In due course planning approval was obtained.  The Owner was unable to pay out the loan and clear the mortgage – just as he had anticipated.  The JV partner relied upon that non-compliance with the JV agreement to call a default, and force the early sale of the undeveloped property.

In Lindsay-Owen v HWL Ebsworth Lawyers [2023] NSWSC 68 the Owner took legal action claiming damages from the legal firm that assisted with the JV negotiations and the drafting of the JV agreement (the Lawyer).  He said that if he had understood that the JV agreement did not include the debt transfer, he would have negotiated to have it added, and if that was not possible, that he would have arranged for the bank loan to be extended so that he could negotiate a similar arrangement with other interested parties.

His bank had earlier issued a default notice of its own, and so the likely response of the bank to a hypothetical extension request was a key, contested, question before the Court.

The Banking Expert Witness

The Owner arranged a report from a Banking Expert Witness to provide an opinion about how the bank would have responded if it had been asked for an extension.

The Lawyer objected to the banking expert’s report.  It said that a prediction about a response to a hypothetical question was outside the scope of matters that an expert was able to express an opinion upon.

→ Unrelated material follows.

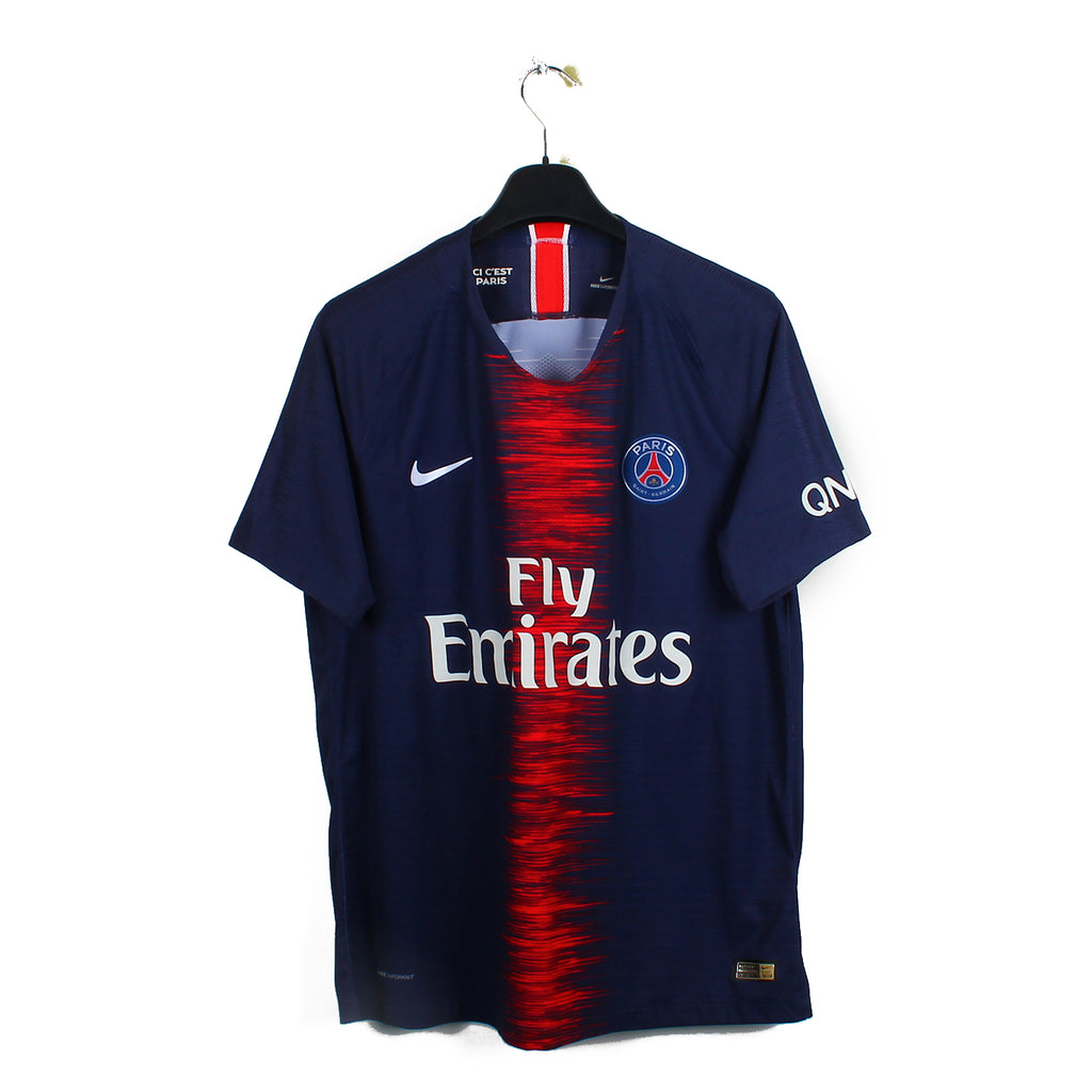 Histoire : Maillot domicile porté par les hommes de Thomas Tuchel lors d'une saison où ils gagneront la Ligue 1 et le Trophée des Champions. Mbappé, le prodige français finira meilleur buteur du championnat pour la première fois (33 réalisations).

The Court agreed.  It said that the evidence of the banking expert witness was:

…inadmissible on the question of what [the Bank] would have done in 2010. His report does not satisfy the requirements of s 79 of the Evidence Act 1995. [The Expert] purports to express opinions about what [the Bank] might have done, about what [the Bank’s] state of mind was, and even about what an alternative joint venture partner might have done. These opinions are not evidence of banking practice or any other fields of expertise based on specialised knowledge.

Outcome

The rejection of the banking expert’s report wasn’t fatal to the Owner’s case.  Having determined that the question of the bank’s response was a question for the Court, not an expert, the Court concluded that the bank would have granted an extension if it had been asked i.e., in fact agreeing with the inadmissible view of the banking expert.

The Court held that the Owner was entitled to damages, to be assessed separately.

Comment – In my experience it would be more usual to be asked about the response of a “reasonable lender” in the circumstances, rather than to be asked to predict what a nominated party might do – but depending on the circumstances and the question, even a question framed that way might be regarded as too speculative. 

The opinion of a banking expert might still assist the parties, however, without speculating.  A banking expert could be asked to identify the matters that reasonable lenders take into account when making such discretionary decisions, and to identify whether or not those matters were in evidence in the particular case – while still leaving the ultimate question to the Court.